Rammed dirty Soph's car today. Urgh ....I feel awful about it. I hope it doesn't cost me too much either. Might go to the Fetish Ball, not sure. Lately been feeling really gross and insecure about my bod. You know what not to do when you're feeling like that? go weigh yourself. One of the dumbest things I've done in quite awhile. How is it that, I've been basically the same steady weight since I was 16 and then suddenly I weigh myself and I'm 10 freakin kg's heavier!? Nastiest shock ever. Yuck. All my own fault of course, but man...
And in final news today, I got my Nutter Butter report back from the Psychologist a few days ago. So creepy to read about yourself like that. He wants me on heavier drugs etc, as I've talked about for awhile now...he described me as articulate (maaw) and that my mood was mainly dysphoric (which I've only just looked up in the dictionary)...he also called me fat. When your Psychologist feels the need to say that you're fat in your evaluation of your mind, you can either laugh or cry. I choose to laugh, mainly because I'm only a little bit over-weight but still count myself as pretty hot, but also because when I went to pick up the report he was very insistent that he had to put that in because of my eating issues and that he meant on offence by it at all. He looked like he thought I was going to tackle him and make him take it back. It was actually nice to have someone agree with me for once about it, like not shut me up as soon as I say anything about my weight, or just discount it and say I'm tall.
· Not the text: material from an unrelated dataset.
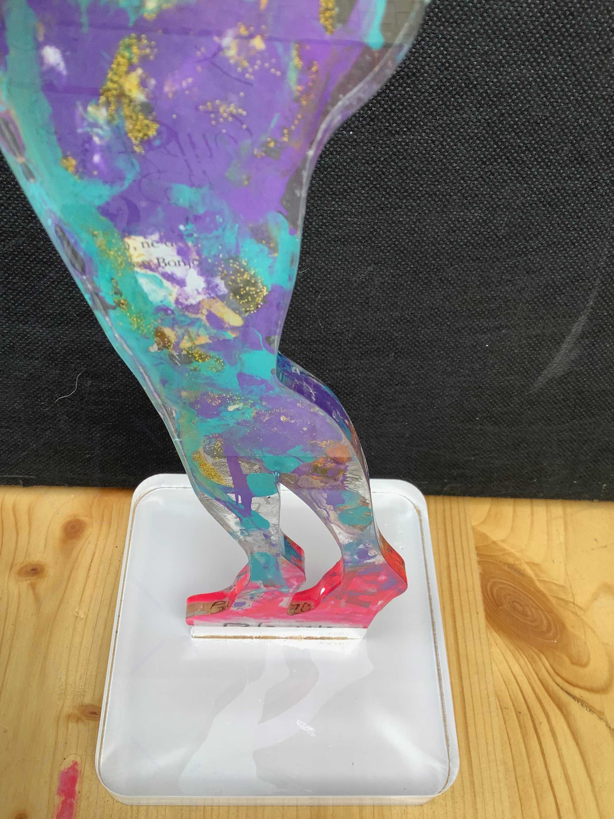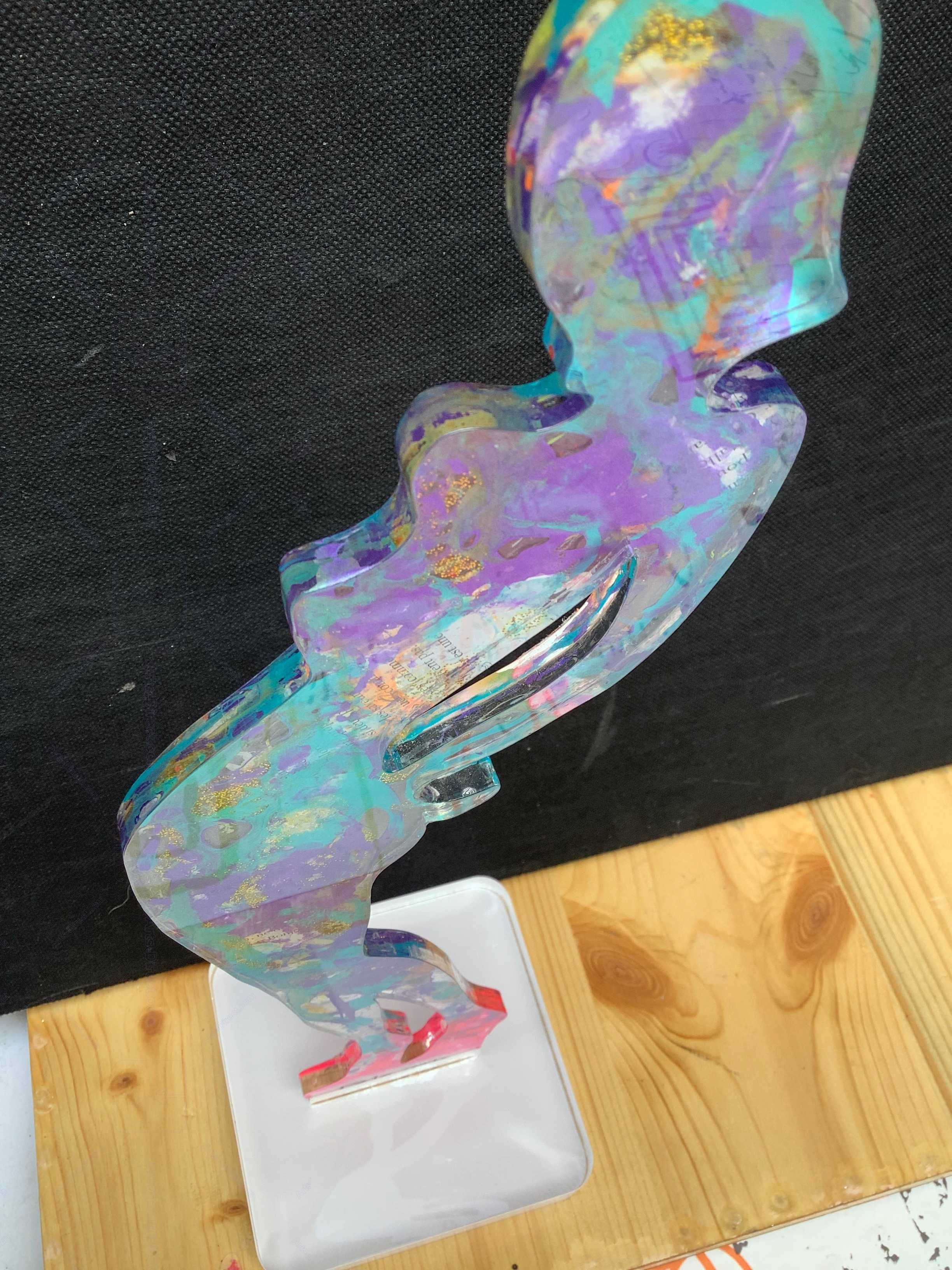 Son socle est transparent, amovible et de 2 cm d'épaisseur. C'est une pièce unique différente en recto-verso. 42 x 12 x12 cm

Yes I'm freakishly tall, I love it, but tummies and bat wings and chubby cheeks are not part of the tall gene package kiddies. I eat too much and I don't do any exercise. That's it.
So on that cheery little note, I have to go chuck my incredibly needy cat out of my room so he doesn't position himself between my legs while I'm sleeping and restrict my restless smooching around, trying to get to sleep for hours in my going to bed routine.
P.S Here is Sam's animation (i'm so proud of my wee hotty!).
I love reading your blog entries, even if reading between the lines they sound a little despondent sometimes - it can be hard to tell though, you are very clever at using humour to mask painful-sounding situations. I like knowing what is going on in your head and your life since we can't really keep in touch any other way.
I really hope that I've been a good friend to you Geni - sometimes I think that I've done some stuff that must be kind of annoying (I cringe when I think about when you first told me about the whole Sam thing!). Argh!!! Also I guess I just haven't heard from you in awhile and you know my personality, I always think the worst even though I try very hard not to (last night Jeremy said he'd be back from a ride "later on" (I was expecting him around 8ish). Past midnight and he still wasn't home, and had left his cellphone in the flat too so couldn't call to set my mind at rest. When he finally came in at half past 12, I pounced on him and burst into incoherent tears of rage/relief - just a little thumbnail sketch for you!)
You sound kind of like things might be looking up - the overall tone of your entries seems more upbeat anyway. "Dreamy" is definitely the right word, Miss Dreamboat!
I can't wait to see you again and give you a gigantic hug and just hang the fuck out.
Love you lots Missy, think about you heaps.